London S J, Daly A K, Leathart J B, Navidi W C, Idle J R
Department of Preventive Medicine, University of Southern California School of Medicine, Los Angeles 90033, USA.
Pharmacogenetics. 1996 Dec;6(6):527-33. doi: 10.1097/00008571-199612000-00006.
CYP2C9 is involved in the metabolism of warfarin and a wide array of other therapeutic agents. It also appears to play a role, along with other cytochrome P450 enzymes, in the metabolism of benzo[a]pyrene, a carcinogen in tobacco smoke. A relatively common allelic variant (termed R144C, Cys144 or more recently CYP2C92) has been described that results in the substitution of cysteine for arginine at residue 144 and appears to reduce enzyme activity. We therefore examined the possible association between the presence of the CYP2C92 variant allele and risk of lung cancer using peripheral blood DNA from 329 incident cases of lung cancer (152 African-American and 177 Caucasian) and 700 (239 African-American and 461 Caucasian) population controls in Los Angeles County, California. Among the population controls the frequency of the CYP2C92 variant allele was lower (p = 0.00002) among African-Americans (0.036) than among Caucasians (0.100). The presence of the CYP2C92 variant allele was not associated with a decreased risk of lung cancer; slight but nonstatistically significant elevations in risk were observed for both African-Americans [odds ratio (OR) 1.22, 95% confidence interval (CI) 0.48-3.11] and Caucasians (OR = 1.55, 95% CI 0.96-2.48). The ORs were slightly and nonsignificantly elevated for all histologic types without substantive variation. The association also did not vary materially according to smoking history or whether subjects had the homozygous deletion of the GSTM1 gene. We found no support for the hypothesis that the CYP2C92 variant allele decreases the risk of lung cancer. The role of P450s, including CYP2C9, in benzo[a]pyrene metabolism is not fully defined, and CYP2C9 catalyses detoxication as well as activation steps. Thus it is not inconceivable that diminished CYP2C9 activity could increase metabolic activation of benzo[a]pyrene to carcinogenic intermediates. Nonetheless, the small increased risk associated the CYP2C92 variant allele in our data is consistent with chance and should not be overinterpreted.

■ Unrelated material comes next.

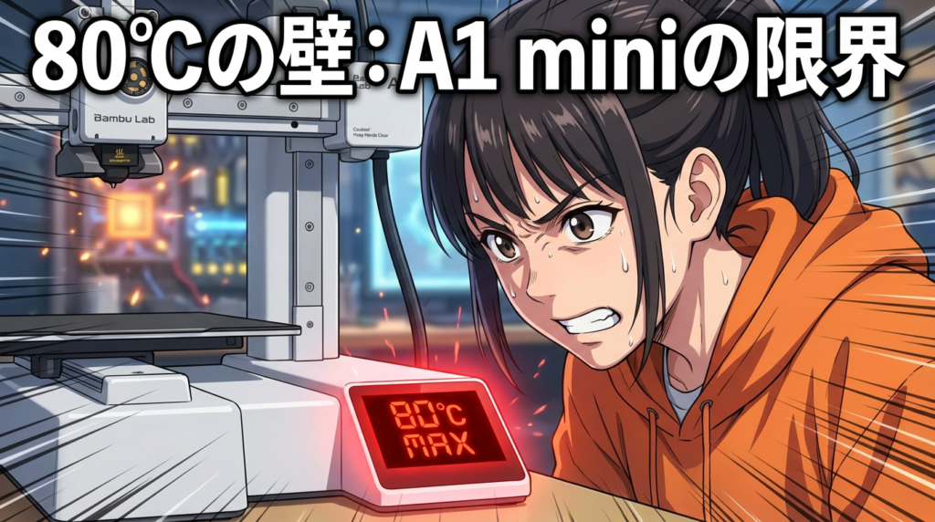 「え、80℃って熱いじゃん、十分でしょ」って思うかもしれないけど、ABSっていう素材は90〜110℃欲しい。つまり、A1 miniのスペックだと物理的に足りないんですよ🤔

细胞色素P450 2C9(CYP2C9)参与华法林及众多其他治疗药物的代谢。它似乎还与其他细胞色素P450酶一起,参与烟草烟雾中的致癌物苯并[a]芘的代谢。已发现一种相对常见的等位基因变体(称为R144C、Cys144或最近的CYP2C92),该变体导致第144位残基上的精氨酸被半胱氨酸取代,似乎会降低酶活性。因此,我们使用来自加利福尼亚州洛杉矶县329例肺癌新发病例(152例非裔美国人、177例白种人)和700例(239例非裔美国人、461例白种人)人群对照的外周血DNA,研究了CYP2C92变体等位基因的存在与肺癌风险之间的可能关联。在人群对照中,非裔美国人(0.036)的CYP2C92变体等位基因频率低于白种人(0.100)(p = 0.00002)。CYP2C92变体等位基因的存在与肺癌风险降低无关;非裔美国人[比值比(OR)1.22,95%置信区间(CI)0.48 - 3.11]和白种人(OR = 1.55,95% CI 0.96 - 2.48)的风险均有轻微但无统计学意义的升高。所有组织学类型的OR值均有轻微且无统计学意义的升高,无实质性差异。该关联也未因吸烟史或受试者是否存在谷胱甘肽S-转移酶M1(GSTM1)基因的纯合缺失而有实质性变化。我们没有找到支持CYP2C92变体等位基因降低肺癌风险这一假设的证据。包括CYP2C9在内的细胞色素P450在苯并[a]芘代谢中的作用尚未完全明确,并且CYP2C9催化解毒以及活化步骤。因此,CYP2C9活性降低可能会增加苯并[a]芘向致癌中间体的代谢活化,这并非不可思议。尽管如此,我们数据中与CYP2C92变体等位基因相关的小幅风险增加可能是偶然的,不应过度解读。